From the first line to the last, retype everything below exactly, minus the pictures.

GIVEN MATERIAL

>>>

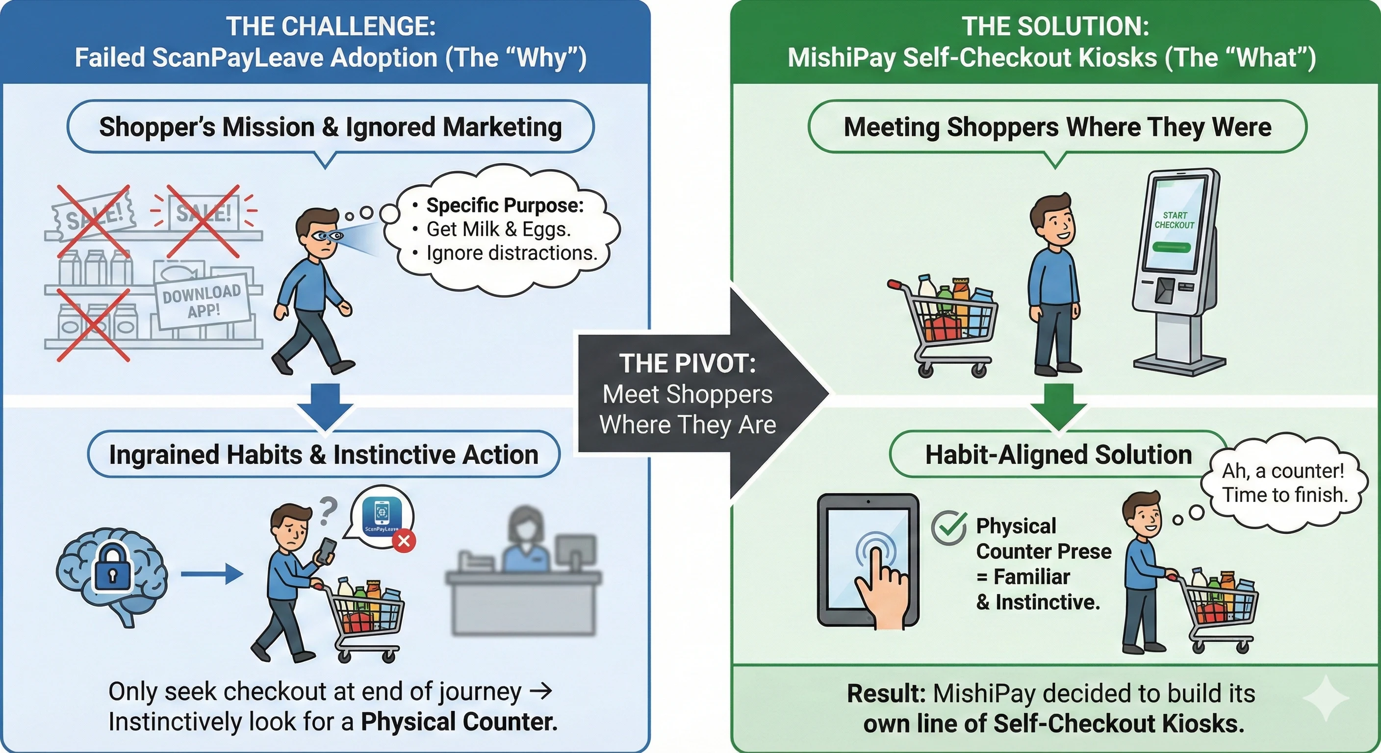 During my tenure as Director of Engineering and Engineering Manager at MishiPay, we faced a pivotal strategic decision in late 2021. At the time, MishiPay had a strong commitment toward the "Scan, Pay, Leave" model via Progressive Web Applications (PWA) because it offered a frictionless "Bring Your Own Device" (BYOD) experience for both retailers and shoppers. While the social distancing requirements of the COVID-19 pandemic significantly boosted digital adoption , we realized that adoption alone wasn't enough. Shoppers typically enter a store with a specific purpose, and even aggressive in-store marketing often fails to distract them from their mission. We observed that because of deeply ingrained habits, shoppers only seek out a checkout solution once they have already decided to finish their journey—at which point they instinctively look for a physical counter. To meet shoppers where they were, MishiPay decided to build its own line of Self-Checkout Kiosks.
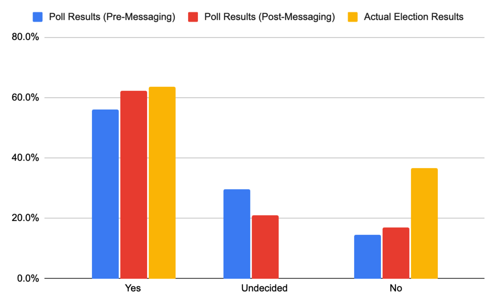 A sign of the positive nature of the ballot measure and our campaign messaging, as people learned more about the issue, they gravitated towards a YES vote. Final election results were only 1.4% off our findings.
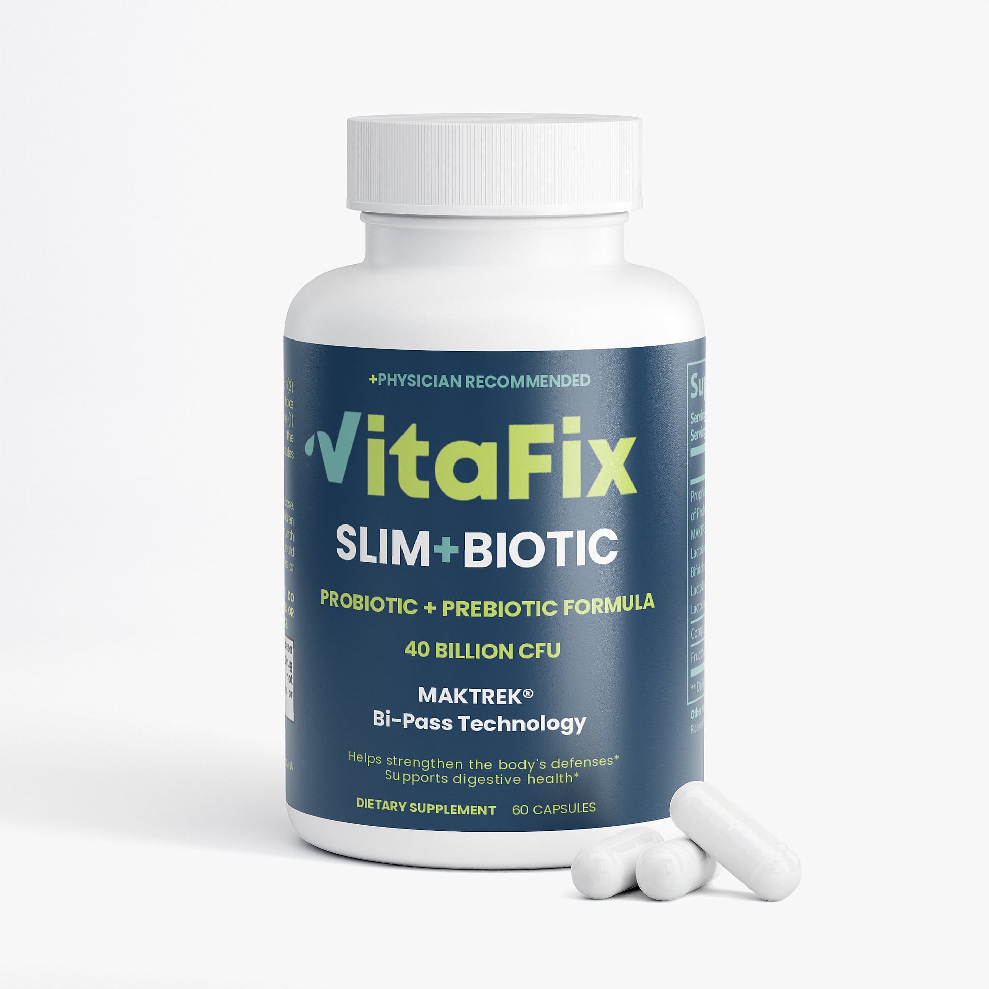 Slim-Biotic delivers a powerful 40 billion CFU blend of four clinically studied probiotic strains—including Lactobacillus Acidophilus, Bifidobacterium Lactis, Lactobacillus Plantarum, and Lactobacillus Paracasei—designed to support gut health, digestive function, and a balanced microbiome.

<<<

SOLUTION
 During my tenure as Director of Engineering and Engineering Manager at MishiPay, we faced a pivotal strategic decision in late 2021. At the time, MishiPay had a strong commitment toward the "Scan, Pay, Leave" model via Progressive Web Applications (PWA) because it offered a frictionless "Bring Your Own Device" (BYOD) experience for both retailers and shoppers. While the social distancing requirements of the COVID-19 pandemic significantly boosted digital adoption , we realized that adoption alone wasn't enough. Shoppers typically enter a store with a specific purpose, and even aggressive in-store marketing often fails to distract them from their mission. We observed that because of deeply ingrained habits, shoppers only seek out a checkout solution once they have already decided to finish their journey—at which point they instinctively look for a physical counter. To meet shoppers where they were, MishiPay decided to build its own line of Self-Checkout Kiosks.
 A sign of the positive nature of the ballot measure and our campaign messaging, as people learned more about the issue, they gravitated towards a YES vote. Final election results were only 1.4% off our findings.
 Slim-Biotic delivers a powerful 40 billion CFU blend of four clinically studied probiotic strains—including Lactobacillus Acidophilus, Bifidobacterium Lactis, Lactobacillus Plantarum, and Lactobacillus Paracasei—designed to support gut health, digestive function, and a balanced microbiome.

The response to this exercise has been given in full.